Naturally it's abundantly clear that homosexuality existed in the past, and of course each culture had it's own conception of it, and this doesn't make these historical instances fake or less real than our pozzed iteration of it like some "people" who read a half-dozen pages of Foucault like to claim. It's worth noting that most of it involved youths and if you were a grown man getting bummed after a certain age it was seen as disgrace and a social failure, in Rome for example if a male citizen over a certain age was caught being bummed he could lose his citizenship, senators could lose their seats etc. Nor were "these historical homosexualities" nearly as obsessed with anal sex as our current alphabet retards are, in Greece for example it didn't occur that often in favor or other sexual practices, and this makes sense, for it is generally an unhealthy and unsanitary practice.

That being said(I'm sorry for the tangent, I just wanted to clarify a few things) I think homosexuality in particular is maladaptive because it, especially when widespread and left to it's own devices, is socially corrosive and dysgenic for a society in the long run.

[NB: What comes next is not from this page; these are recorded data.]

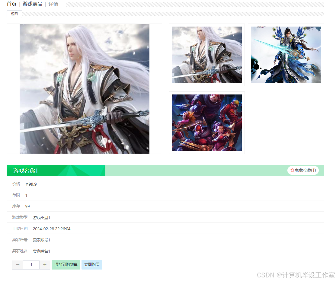 游戏商品详情功能主要是可以查看游戏商品的详情信息,并且可以查看卖家信息,在用户没有登陆的情况是无法查看到卖家信息的,但是可以查看商品的信息,用户只有完成登陆才能去查看卖家的信息,此时用户可以将喜欢的游戏商品加入关注,或者是进行在线支付购买
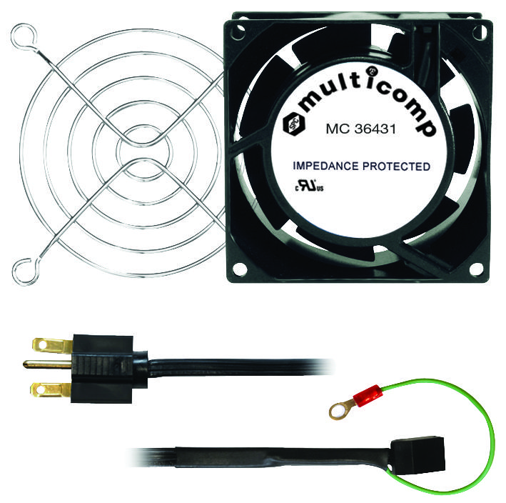 | Feature | <b>Price For:</b> Each<b>Order Unit:</b> Each\xa01 <b>Flow Rate - Imperial:</b>: - <b>Flow Rate - Metric:</b>: - <b>Kit Contents:</b>: 80mm AC Fan, Wire-Form Finger Guard, 72" Power Cord <b>RoHS Compliant:</b>: Yes <b>SVHC:</b>: To Be Advised |
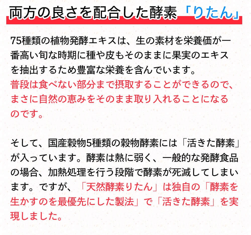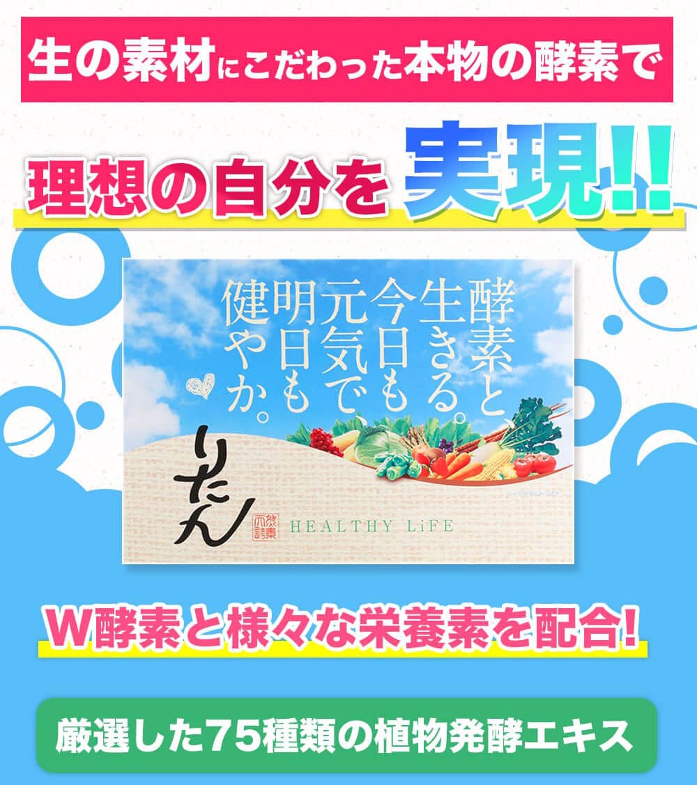 ※商品到着後、レビューを投稿して頂いた方にRITANプレミアムオイルのサンプルを10包お送り致します。レビュー内に注文番号の下3桁をご記入くださいませ。【商品名】天然酵素りたん 植物発酵エキス含有加工食品【内容量】30g(2g×15包)1日2gで15日分【栄養成分】1包(2g)あたりエネルギー7.98kcal たんぱく質0.016g 脂質0.032g 炭水化物1.906g ナトリウム0.32mg【製造国】日本【保存方法】直射日光、高温多湿な場所を避けて涼しい所で保管してください。【お召し上がり方】1日1包を目安にそのままお召し上がりになるか、お水、またはぬるま湯でお召し上がりください。【取り扱い注意】原材料をご参照の上、食品アレルギーのある方、体質、体調に合わない場合はお召し上がりにならないでください。通院、投薬中、妊娠中、授乳中の方は医師にご相談の上、ご使用ください。野菜、果物などを使用しているため、色調や風味に多少の違いが生じる場合がありますが、品質には問題ありません。(送料無料 サプリ 国産 酵素ダイエット 粉末 無添加 酵母 美肌 美容 健康 ダイエット 人気 美味しい おすすめ ランキング 置き換えダイエット食品 ファスティング)
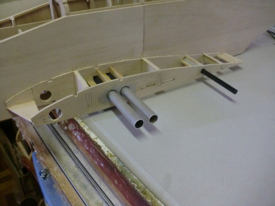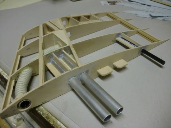 ● 主翼のセンター側(インナーウィング)の内部補強と各種部材の取付を行っています。カンザシと成るメインのアルミパイプ・サブカンザシと成るカーボンシャフトを其々確実に固定する為の接着固定を行いました。使ったのはクイックメンダー(5分硬化タイプ)5分で硬化が始まるので、とにかく塗り込む前の段取りを入念に行い作業開始です。要は丸いパイプ周りの角孔の隙間を埋めれば良いんです。塗り込んで30分も経てばパイプに付着した接着剤は、カッターナイフの刃先で難無く剥ぎ取れるので作業は楽です。更に2時間経過後は、粗めのサンドホルダーで削ると画像の様な見た目と成ります。確実に仕上げるなら、更に時間をおいてから細かな修正をすれば見た目はもっと良くなります。
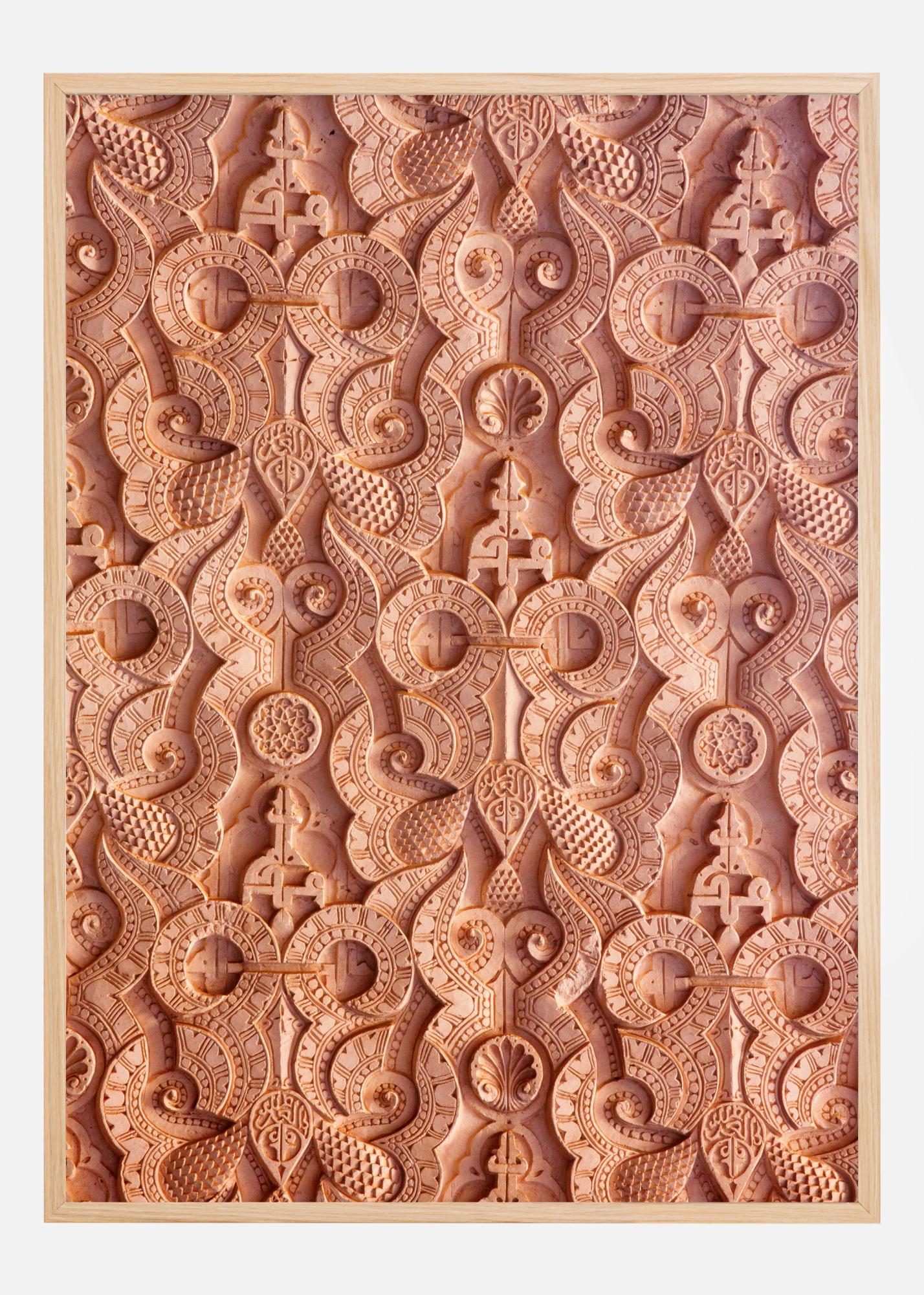 A motívum színei meleg terrakotta és agyag palettán belül maradnak, amely természetes és rusztikus érzést kölcsönöz a képnek. A részletes minta jól kirajzolódik az egységes háttéren, és olyan háromdimenziós illúziót teremt, amely vonzó és mély. Ez a poszter tökéletes annak, aki értékeli a művészetet, amely megragadja a tekintetet és közelebbi vizsgálatra invitálja, valamint értékeli a kézművességet és a hagyományt a lakberendezési stílusában.
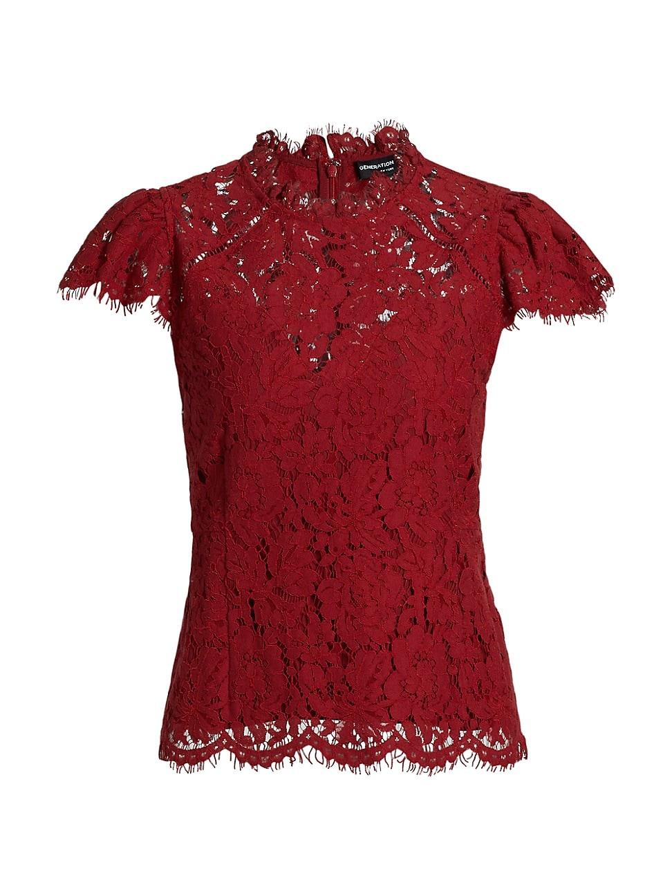 Crafted of corded lace, this Ambrose cap-sleeve top from Generation Love is styled with a mock turtleneck. Mock turtleneck Cap sleeves 60% cotton/40% nylon Lining: 97% polyester/3% elastane Machine wash Imported SIZE & FIT About 21.75 from shoulder to hem Model measurements: 510 tall Model is wearing a US size 4. Contemporary Sportswear - Casual Separates > Generation Love > Saks Fifth Avenue > Barneys. Generation Love. Color: Scarlett. Size: XS.
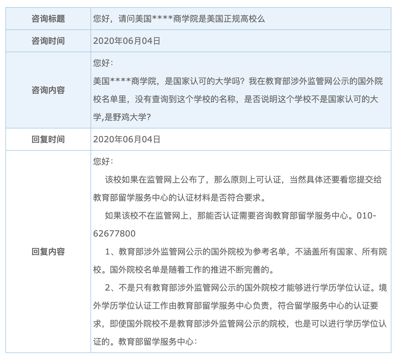中国教育部教育涉外监管网的官方回复 http://jsj.moe.gov.cn/n2/12015/12015/1299.shtml
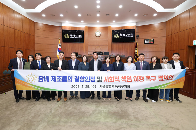 마지막으로 김효숙 의원이 대표발의한 「담배 제조물의 결함 인정 및 사회적 책임 이행 촉구 결의안」을 채택했다. 결의안은 담배 제조사의 유해성 은폐와 책임 회피를 지적하며 제조물 결함 인정을 촉구하고, 국민 건강 보호와 금연 환경 조성을 위한 실효성 있는 제도 마련에 국가와 지자체의 적극적인 역할을 강조하며 정부의 금연 정책 강화를 요구하는 내용을 담고 있다.
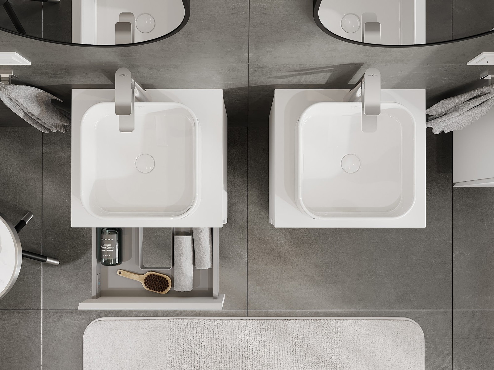 Mūsu modulārās vannas istabas mēbeles var savstarpēji kombinēt dažādās krāsu konfigurācijās, ļaujot pilnīgu personalizāciju. Var izvēlēties gan izskatu, gan atsevišķu elementu funkcijas, kas ļauj pielāgot mēbeles savām stilistiskajām un lietotāju vēlmēm.
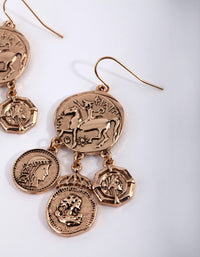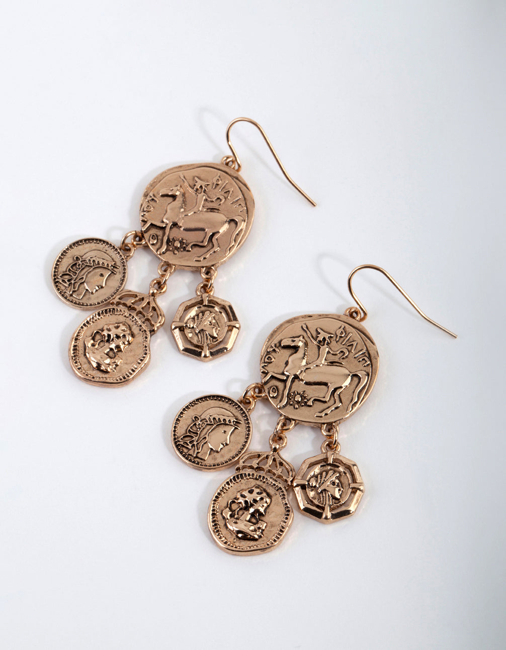 Let out your inner earth child with these funky drops! They're gold toned and they boast a detailed coin design that channels ancient cultures. Wear them with bold colours or lace for a free-spirited look.
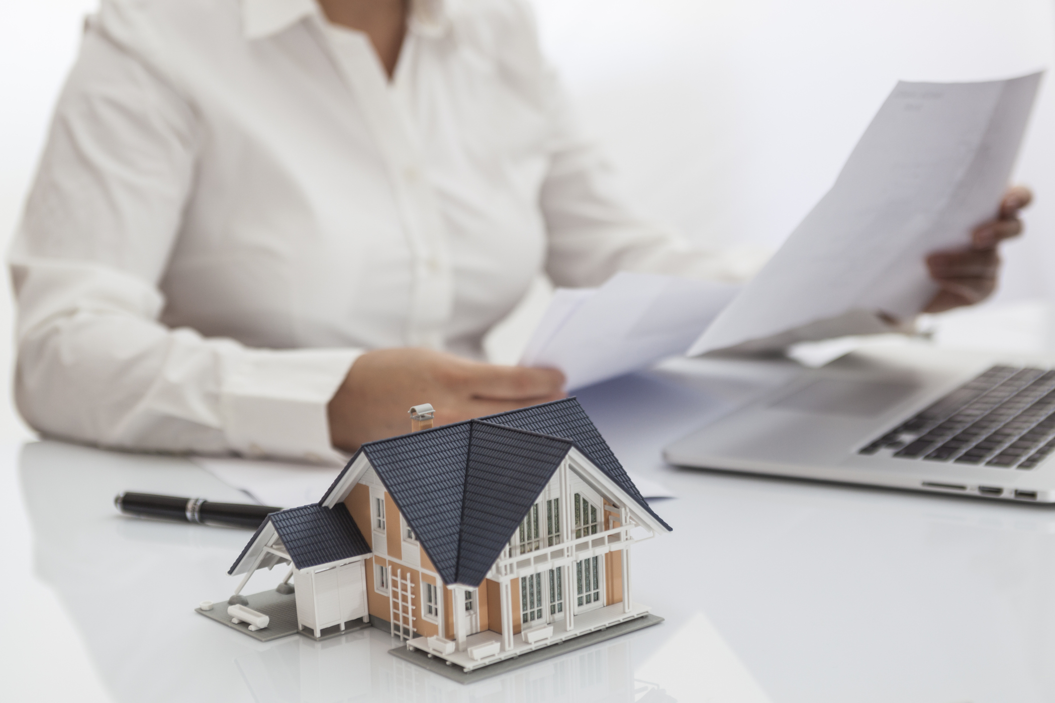 A woman working on a laptop at a desk with a house model, highlighting the advantages of real estate investment.

Homosexuals too also tend to exhibit other pathologies(some which I myself display) such as low-fidelity and high promiscuity. No society can be build on a fundamentally sterile and dysgenic practice. I don't want to go into too much detail lest I stray too far from the actual topic of this thread, but to conclude this part of my of my reply from a social and rational standpoint I condemn the practice, personally I dislike most alphabet faggots and the average bummer, however, on a personal level I would much rather associate with an intelligent and witty homosexual who shares my sensibilities than with some hecking wholesome midwit family man or someone like that retard aryan genius who got banned a while back. Also personally speaking some of the greatest acts of love were also committed by homosexuals, probably because there's much more room for mutual understanding when both sides are "male-brained", to use a silly word.

This part will probably be a bit more "flimsy", as my thoughts on this are not as clear. I think transsexualism is a graver issue, as it is a negation against what would be one's natural(and I use this with a grain of salt but perhaps ideal or optimal would be a better fit) development, it shows a very stark disconnect between one's self image and desires in contrast to their biological reality, which could only come from maladaptive and ad hoc coping mechanisms and obsessions arising with trauma and/or mental disturbances. It is a sort of reality denial I suppose. Often trannies tend to obsess over certain archetypes of femininity instead of the actual essence of what being a biological woman actually is, probably because they don't understand it, but nor do I fully. One may completely socially transition, perhaps even perfectly master secondary female characteristics and behaviors, but the biological and psychological core of what constitutes a woman will forever be lacking. Most biological women probably don't rationally or consciously understand their nature either, but neither do bees comprehend theirs, and that's because they're completely immersed in it, they live it and subconsciously behave in complete accordance to it, they *are* it. Therefore a tranny's conception of woman is merely woman as perceived or conceived by the male mind, and of course the subject's impressions of the object in question can never entirely grasp the reality of it.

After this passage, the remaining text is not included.